## Input records
----

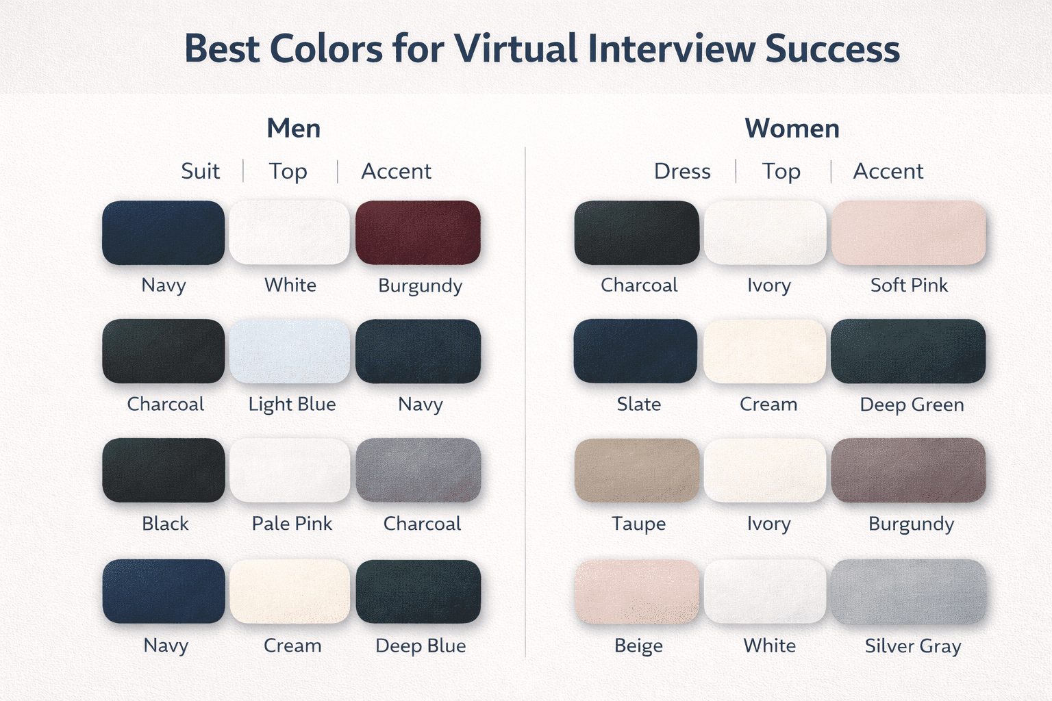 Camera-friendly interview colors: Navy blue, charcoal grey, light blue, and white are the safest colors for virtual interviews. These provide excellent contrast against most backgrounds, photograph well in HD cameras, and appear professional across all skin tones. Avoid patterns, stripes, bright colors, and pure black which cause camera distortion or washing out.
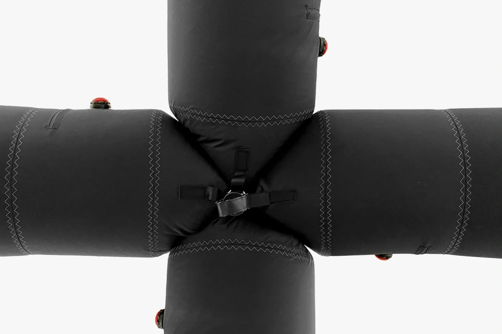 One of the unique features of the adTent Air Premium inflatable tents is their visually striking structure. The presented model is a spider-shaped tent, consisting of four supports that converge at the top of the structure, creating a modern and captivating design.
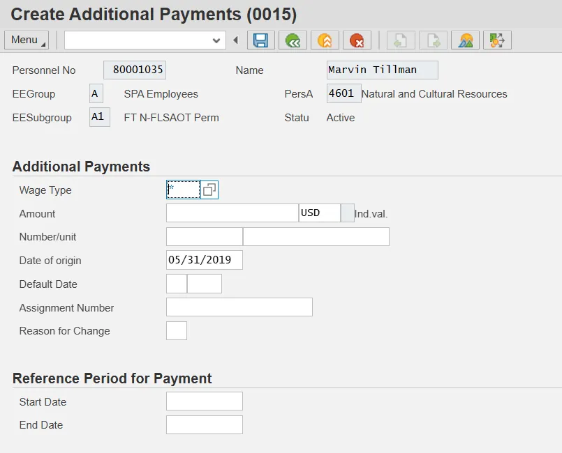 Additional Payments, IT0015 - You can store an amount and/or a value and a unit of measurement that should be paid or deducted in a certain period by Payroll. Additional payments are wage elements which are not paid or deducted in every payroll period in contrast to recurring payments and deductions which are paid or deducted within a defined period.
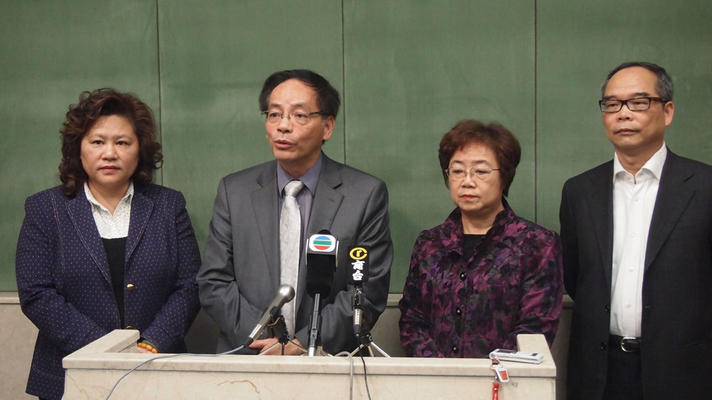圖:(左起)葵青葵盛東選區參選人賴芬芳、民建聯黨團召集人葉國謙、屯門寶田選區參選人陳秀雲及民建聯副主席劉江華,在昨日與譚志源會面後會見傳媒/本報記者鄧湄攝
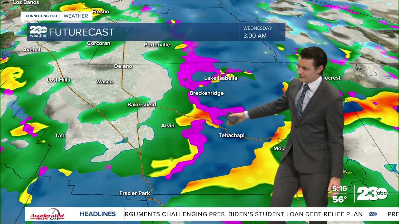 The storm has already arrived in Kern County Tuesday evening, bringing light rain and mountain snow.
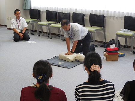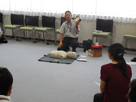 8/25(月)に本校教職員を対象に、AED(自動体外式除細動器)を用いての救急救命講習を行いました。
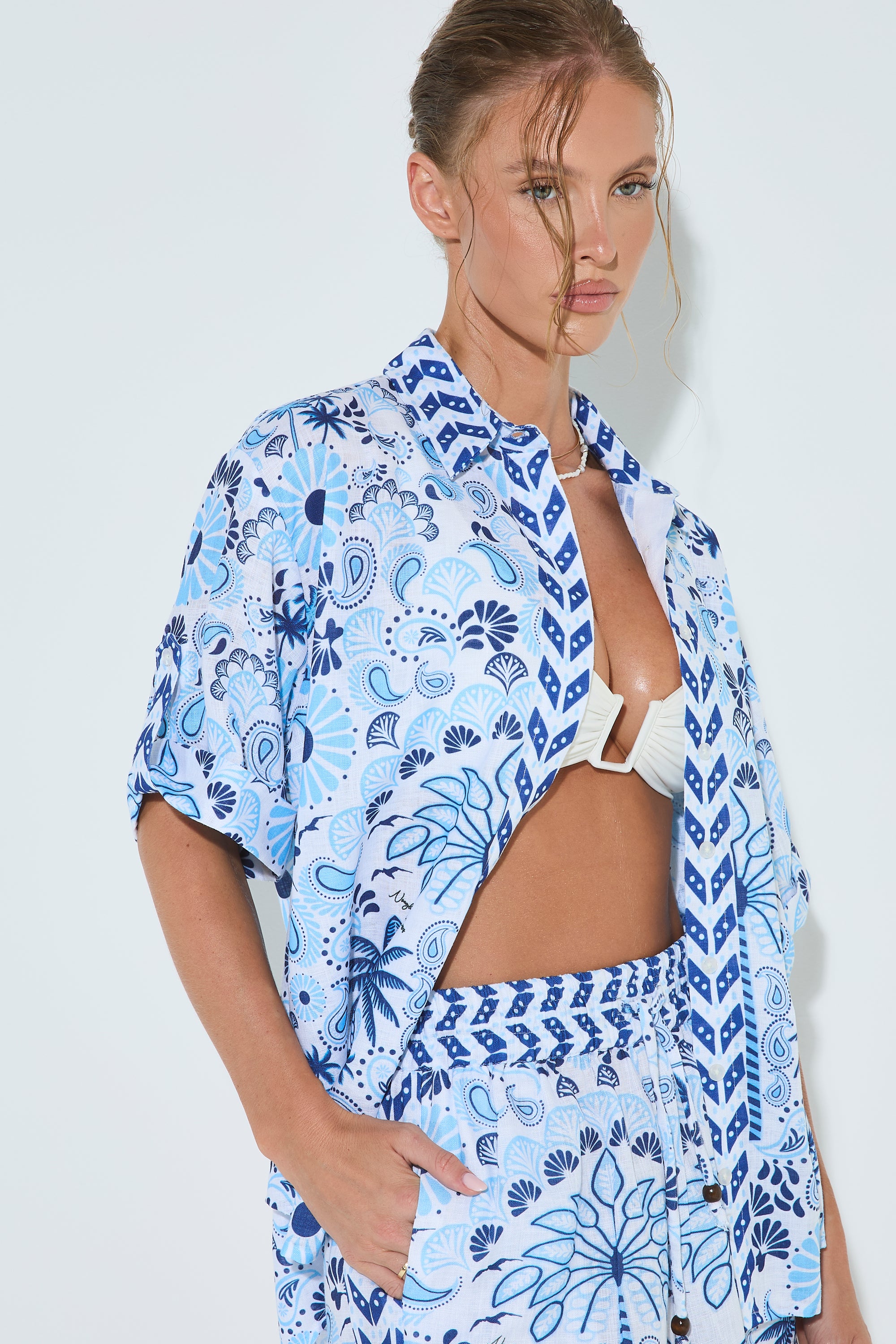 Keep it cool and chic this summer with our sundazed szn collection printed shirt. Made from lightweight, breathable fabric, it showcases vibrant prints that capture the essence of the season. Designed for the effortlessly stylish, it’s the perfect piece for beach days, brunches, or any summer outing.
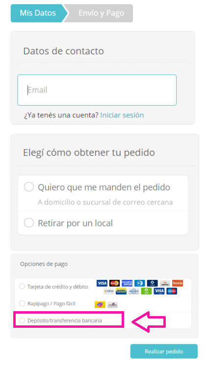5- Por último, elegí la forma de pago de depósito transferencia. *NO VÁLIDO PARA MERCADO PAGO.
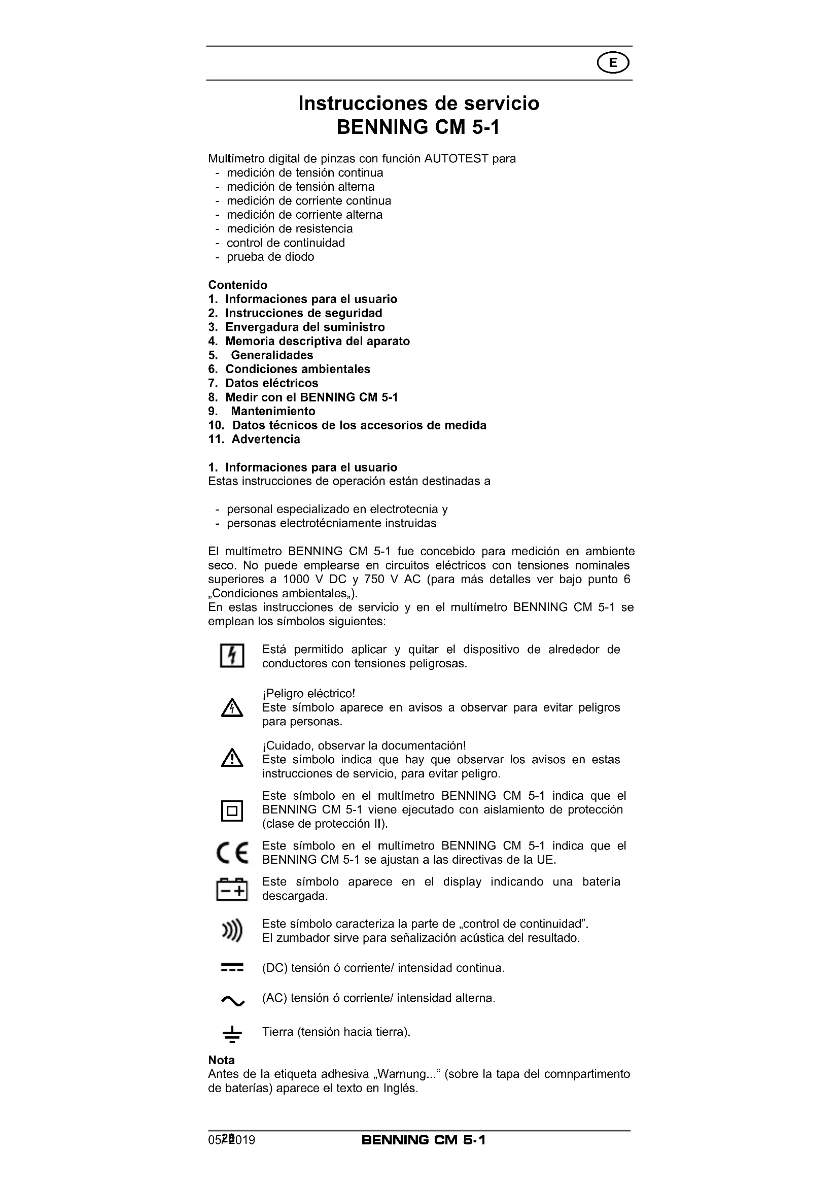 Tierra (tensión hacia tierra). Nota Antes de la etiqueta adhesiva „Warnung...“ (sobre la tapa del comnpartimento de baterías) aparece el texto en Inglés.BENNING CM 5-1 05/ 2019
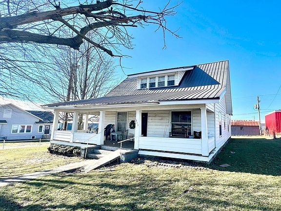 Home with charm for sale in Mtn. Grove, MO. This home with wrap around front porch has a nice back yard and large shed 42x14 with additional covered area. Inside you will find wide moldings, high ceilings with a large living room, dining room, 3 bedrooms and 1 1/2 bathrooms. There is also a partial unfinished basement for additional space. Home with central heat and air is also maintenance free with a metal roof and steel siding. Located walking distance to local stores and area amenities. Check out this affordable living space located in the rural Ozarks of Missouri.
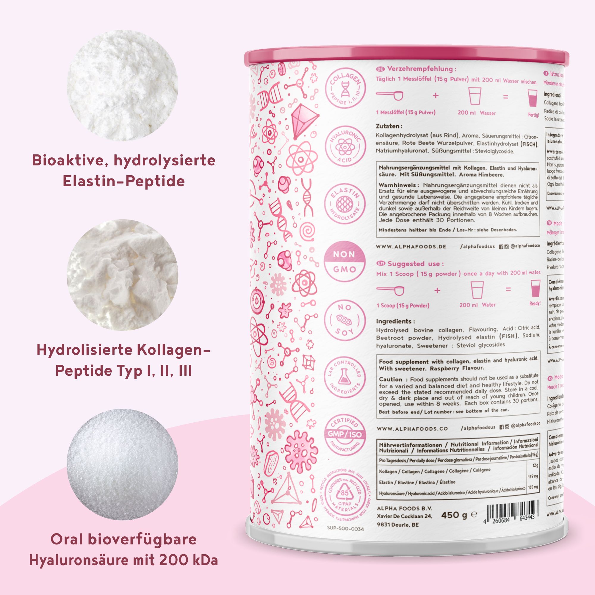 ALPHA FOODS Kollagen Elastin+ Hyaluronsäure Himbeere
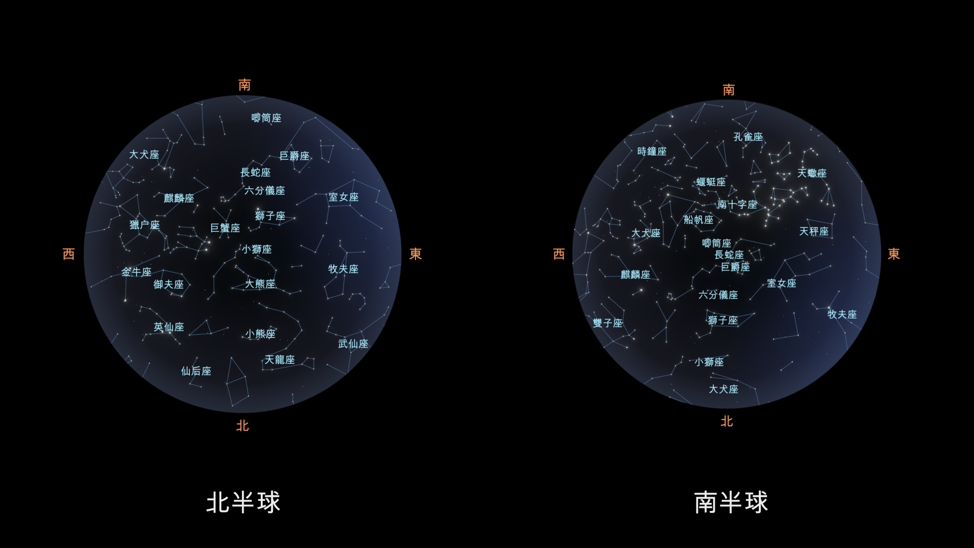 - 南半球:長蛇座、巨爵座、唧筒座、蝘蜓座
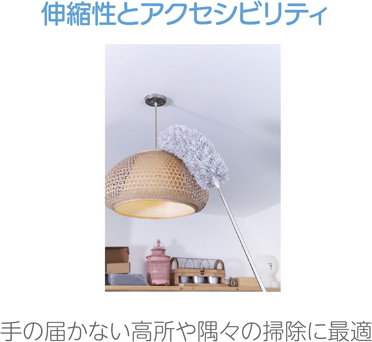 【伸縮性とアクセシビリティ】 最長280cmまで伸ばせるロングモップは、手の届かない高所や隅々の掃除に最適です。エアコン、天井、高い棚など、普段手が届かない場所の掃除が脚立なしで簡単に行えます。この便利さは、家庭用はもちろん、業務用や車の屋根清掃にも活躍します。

----

## Required action
Transcribe the whole listing exactly. Pictures stay out of your copy.

## Task solution
 Camera-friendly interview colors: Navy blue, charcoal grey, light blue, and white are the safest colors for virtual interviews. These provide excellent contrast against most backgrounds, photograph well in HD cameras, and appear professional across all skin tones. Avoid patterns, stripes, bright colors, and pure black which cause camera distortion or washing out.
 One of the unique features of the adTent Air Premium inflatable tents is their visually striking structure. The presented model is a spider-shaped tent, consisting of four supports that converge at the top of the structure, creating a modern and captivating design.
 Additional Payments, IT0015 - You can store an amount and/or a value and a unit of measurement that should be paid or deducted in a certain period by Payroll. Additional payments are wage elements which are not paid or deducted in every payroll period in contrast to recurring payments and deductions which are paid or deducted within a defined period.
圖:(左起)葵青葵盛東選區參選人賴芬芳、民建聯黨團召集人葉國謙、屯門寶田選區參選人陳秀雲及民建聯副主席劉江華,在昨日與譚志源會面後會見傳媒/本報記者鄧湄攝
 The storm has already arrived in Kern County Tuesday evening, bringing light rain and mountain snow.
 8/25(月)に本校教職員を対象に、AED(自動体外式除細動器)を用いての救急救命講習を行いました。
 Keep it cool and chic this summer with our sundazed szn collection printed shirt. Made from lightweight, breathable fabric, it showcases vibrant prints that capture the essence of the season. Designed for the effortlessly stylish, it’s the perfect piece for beach days, brunches, or any summer outing.
5- Por último, elegí la forma de pago de depósito transferencia. *NO VÁLIDO PARA MERCADO PAGO.
 Tierra (tensión hacia tierra). Nota Antes de la etiqueta adhesiva „Warnung...“ (sobre la tapa del comnpartimento de baterías) aparece el texto en Inglés.BENNING CM 5-1 05/ 2019
 Home with charm for sale in Mtn. Grove, MO. This home with wrap around front porch has a nice back yard and large shed 42x14 with additional covered area. Inside you will find wide moldings, high ceilings with a large living room, dining room, 3 bedrooms and 1 1/2 bathrooms. There is also a partial unfinished basement for additional space. Home with central heat and air is also maintenance free with a metal roof and steel siding. Located walking distance to local stores and area amenities. Check out this affordable living space located in the rural Ozarks of Missouri.
 ALPHA FOODS Kollagen Elastin+ Hyaluronsäure Himbeere
 - 南半球:長蛇座、巨爵座、唧筒座、蝘蜓座
 【伸縮性とアクセシビリティ】 最長280cmまで伸ばせるロングモップは、手の届かない高所や隅々の掃除に最適です。エアコン、天井、高い棚など、普段手が届かない場所の掃除が脚立なしで簡単に行えます。この便利さは、家庭用はもちろん、業務用や車の屋根清掃にも活躍します。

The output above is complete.